-- Information supplied --
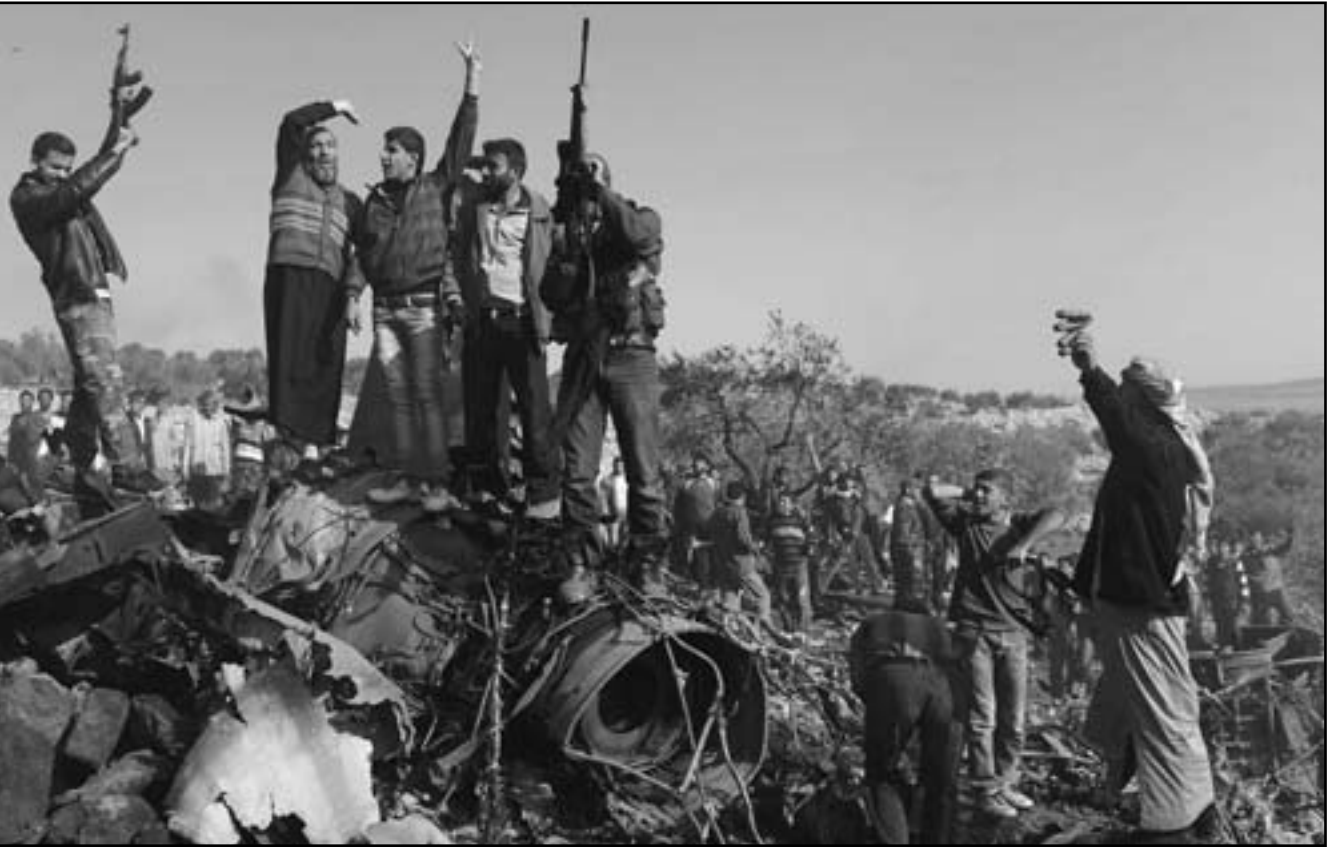
سوريون يحتفلون على حطام الطائرة العسكرية التي سقطت في ريف حلب

الاسبوع الى تركيا بهدف القيام بجولة تفقدية على المواقع التي قد تنتشر فيها بطاريات باتريوت المضادة للصواريخ التي طلبت الحكومة التركية نشرها قرب الحدود مع سورية.
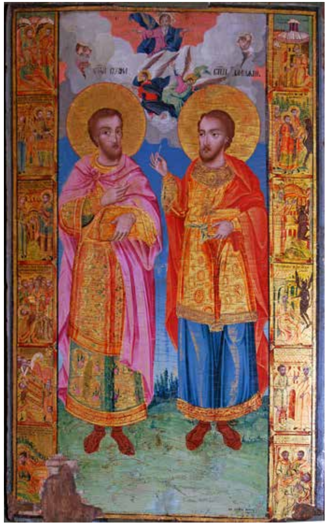
3. Св. св. Козма и Дамян, икона от Дряново, днес в СМРЗИ – Трявна, Йоан Попниколов

зографа, които се намират в Пирот и Станичене 19 и могат да му се припишат по стилови белези. (ил. 4, 5)
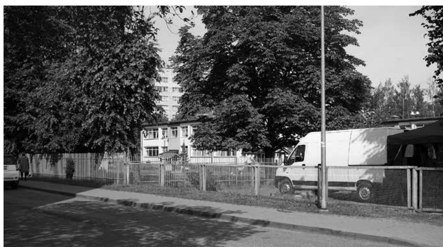
Pie „Jāņtārpiņa” un tirdziņa uzstādīs zīmi „Stāvvietā” ar papildzīmi „Stāvēšanas ilgums 30 min”.

Apstiprināts Salaspils novada domes sēdē 2014.gada 13.maijā (prot.Nr.10, 2.§) Precizēti: 11.06.2014., prot.Nr.12, 3.§
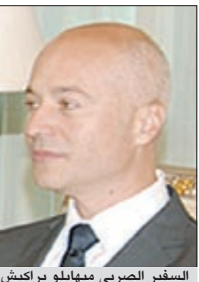
السفير الصربي ميهابيلو براكيش

القوات القذافي لقمع المتظاهرين، وأكد انها اتهامات غير صحيحة ووزارة الدفاع الصربية نفت ذلك رسميا. وحول آفاق المفاوضات بلاده وكوسوفو والتحضير لدخول الاتحاد الأوروبي أوضح السفير الصربي ان «هذه المفاوضات بدأت قبل اسابيع ونتعتقد ان النتيجة النهائية ستكون مقبولة لكلا الجانبين، ونتيجة الفوز من شأنها ان توفر حولا طويلة الأمد وشاملة لتجاوز سوء التفاهم بين الشعبين الصربي واللباني في كوسوفو، مضيفا: نتوقع ان أوروبا تساندنا في محاولة الوصول لهذا الحل. التفاصيل ص 2
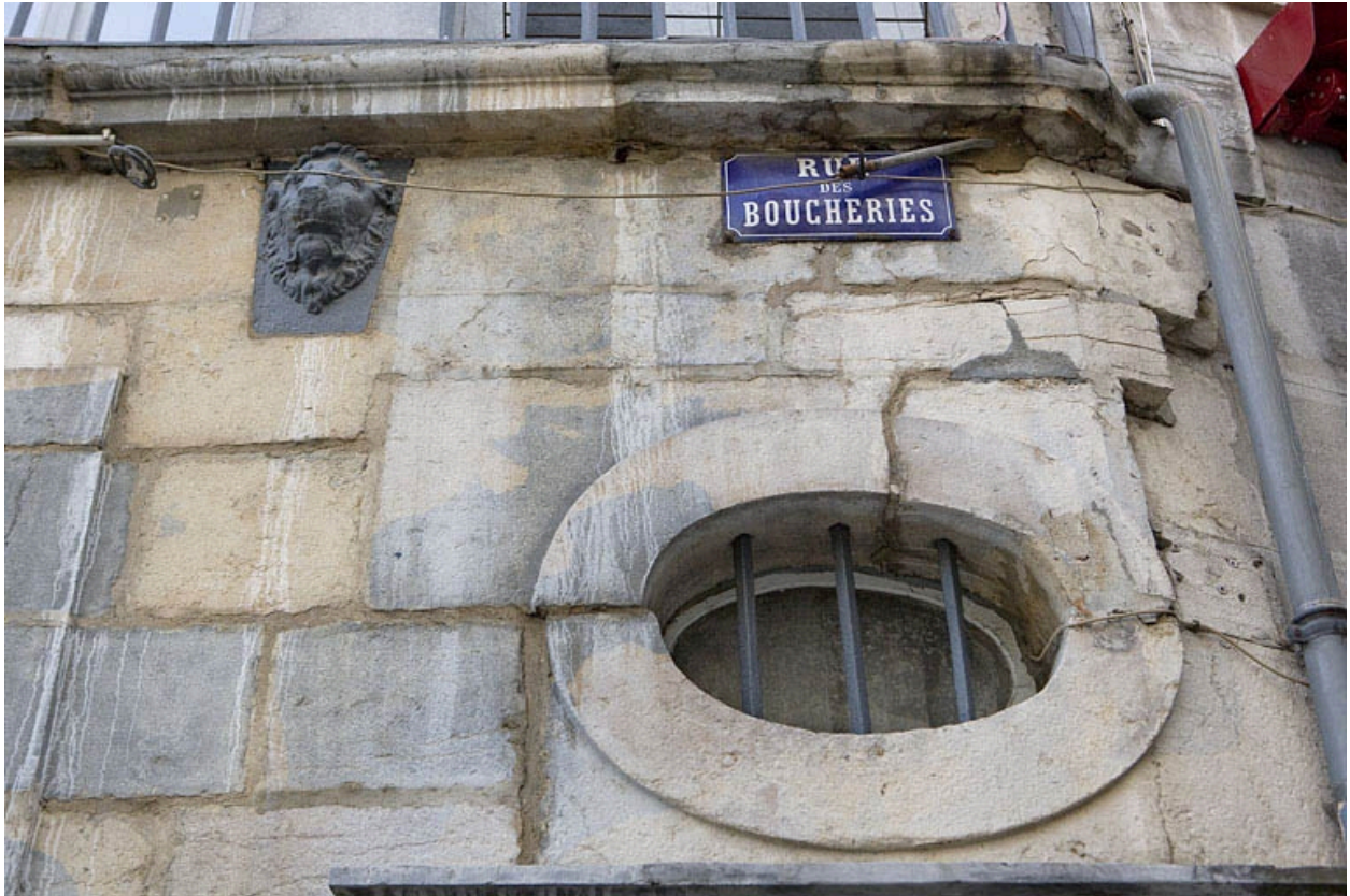
Détail de l'oculus au-dessus du linteau de porte du logis secondaire, rue des Boucheries.
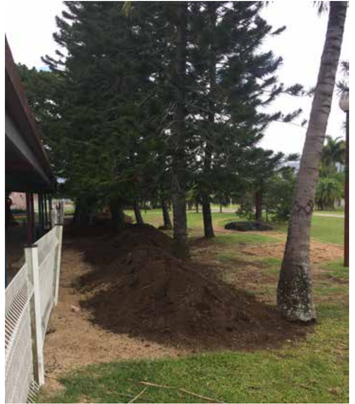
Aménagement paysager du parc près de la mairie.
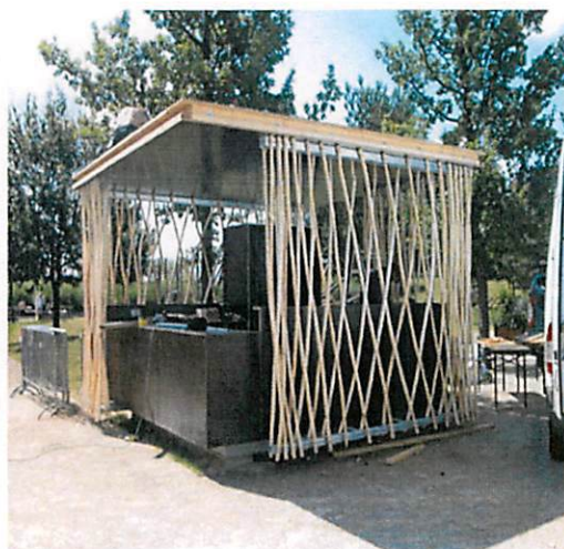
Slike: Primjeri prihvatljivog dizajna kioska za trgovinu i usluge u morskome dobru
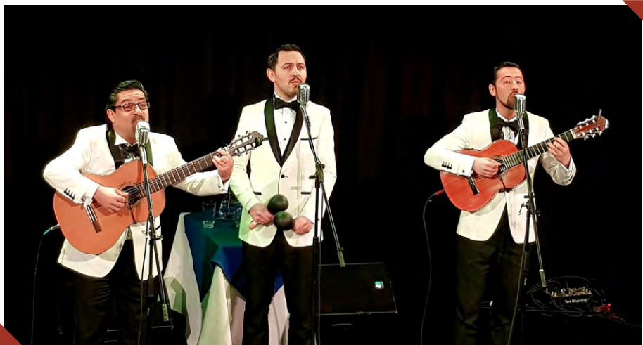
Figura 1: concierto de La Flor del Recuerdo, el 03/08/2019, en la Gran Logia de Santiago de Chile.

El grupo musical La Flor del Recuerdo también juega con la idea de retroutopía. Inicialmente, hay que comentar la estética del grupo: esmóquines blancos, pelo engominado, bigotes finos bien cuidados y micrófonos antiguos (véase Figura 1).
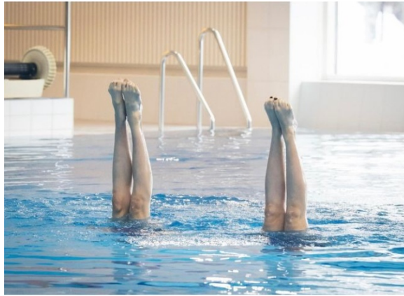
Kuva: Janne Passi
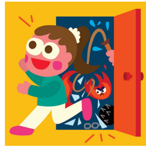
ARTICLE 5 Protection contre la torture
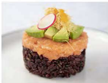
39/ Black tartare €9,50 Tartare di salmone con riso venere ricoperto con avocado, pasta kataifi e salsa al mango Allergeni: 1
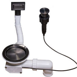
Vidange automatique Space Push Gun Metal - PO 8407 120
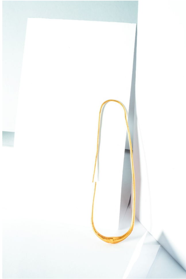
Fig. 2 - Pendiente de tipo «sanguijuela» de la tumba 9 AR de la necrópolis de Sulky . Museo arqueológico "Ferruccio Barreca".

El tipo de pendiente de «sanguijuela» estuvo muy difundido en el ámbito de la orfebrería fenicio-púnica y está caracterizado por una forma simple o decorada como, por ejemplo, con colgantes (figs. 3-4) o aplicaciones variadas, entre las cuales se distinguen las realizadas con la técnica de la filigrana y de la granulación (fig. 5) que son técnicas más raras en los ejemplares hallados en Sulky hasta la fecha.
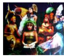
Comadre Araña- 2007
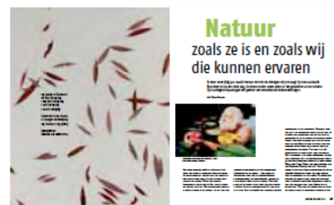
herman de vries
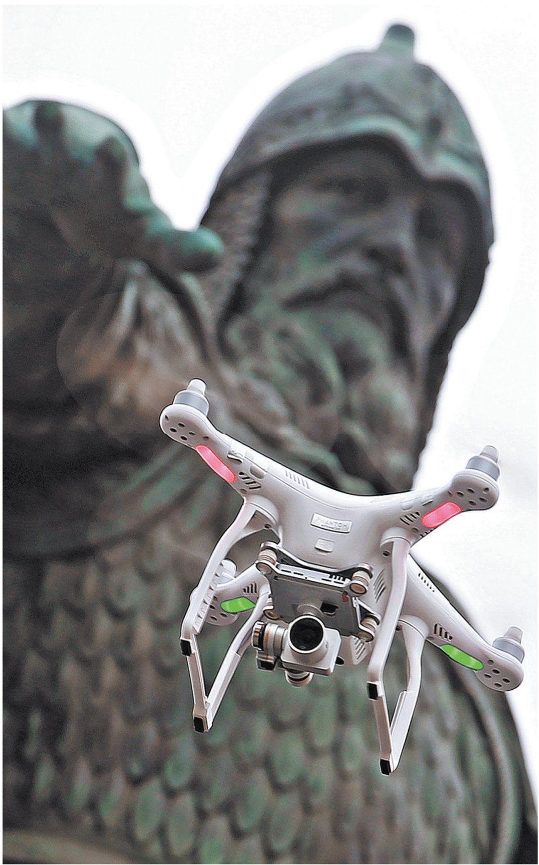
«Внешний пилот» проведет свой дрон так, что комар носа не подточит.
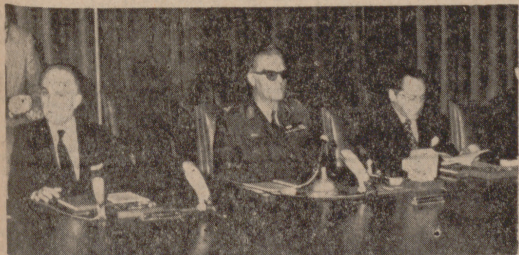
ATENAS.—Primera reunión del nuevo Gobierno, presidida por el general Gitzikis. A la izquierda, el nuevo premier.
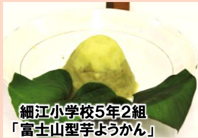
細江小学校5年2組 「富士山型芋ようかん」
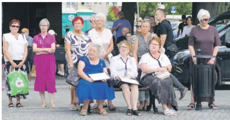
Publiczność i zaproszeni goście
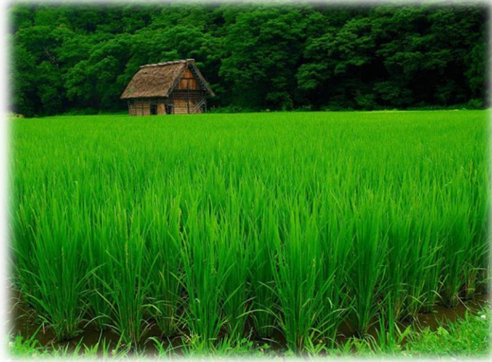
ภาพที่ 1.3 ความอุดมสมบูรณ์ของพื้นที่เป็นหนึ่งในปัจจัยที่เอื้ออำนวย ต่อการสถาปนาอาณาจักรอยุธยา
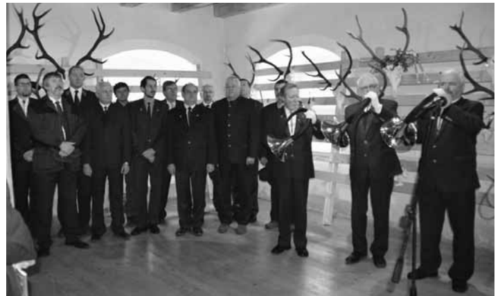
Otvorenie prehliadky poľovníckych trofejí
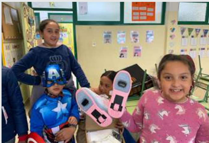
Donación Arbol de los Sueños de Caixa Proinfancia

En paralelo, como entidad, formamos parte de la red de Caixa Proinfancia en Alicante , desde donde prestamos servicios de atención psicoterapéutica y de refuerzo escolar a niños, niñas y adolescentes en situación de vulnerabilidad. Este trabajo complementa la estrategia del programa al ofrecer un acompañamiento
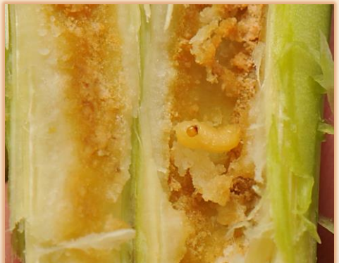
Arriba: adultos. Debajo: larvas (derecha, detalle de daños en la sección del tallo)
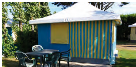
Bungalow Toilé - 4 places

Ce bungalow comprend une cuisine, un salon de jardin, une chambre lit double, et une chambre de deux lits simples. Les oreillers et les couettes sont fournis.

-- Required action --
Please transcribe, word for word, every line from the first line of the records above through the line containing "un tirdziņa uzstādīs", and leave out any pictures.

-- Output --
سوريون يحتفلون على حطام الطائرة العسكرية التي سقطت في ريف حلب

الاسبوع الى تركيا بهدف القيام بجولة تفقدية على المواقع التي قد تنتشر فيها بطاريات باتريوت المضادة للصواريخ التي طلبت الحكومة التركية نشرها قرب الحدود مع سورية.
3. Св. св. Козма и Дамян, икона от Дряново, днес в СМРЗИ – Трявна, Йоан Попниколов

зографа, които се намират в Пирот и Станичене 19 и могат да му се припишат по стилови белези. (ил. 4, 5)
Pie „Jāņtārpiņa” un tirdziņa uzstādīs zīmi „Stāvvietā” ar papildzīmi „Stāvēšanas ilgums 30 min”.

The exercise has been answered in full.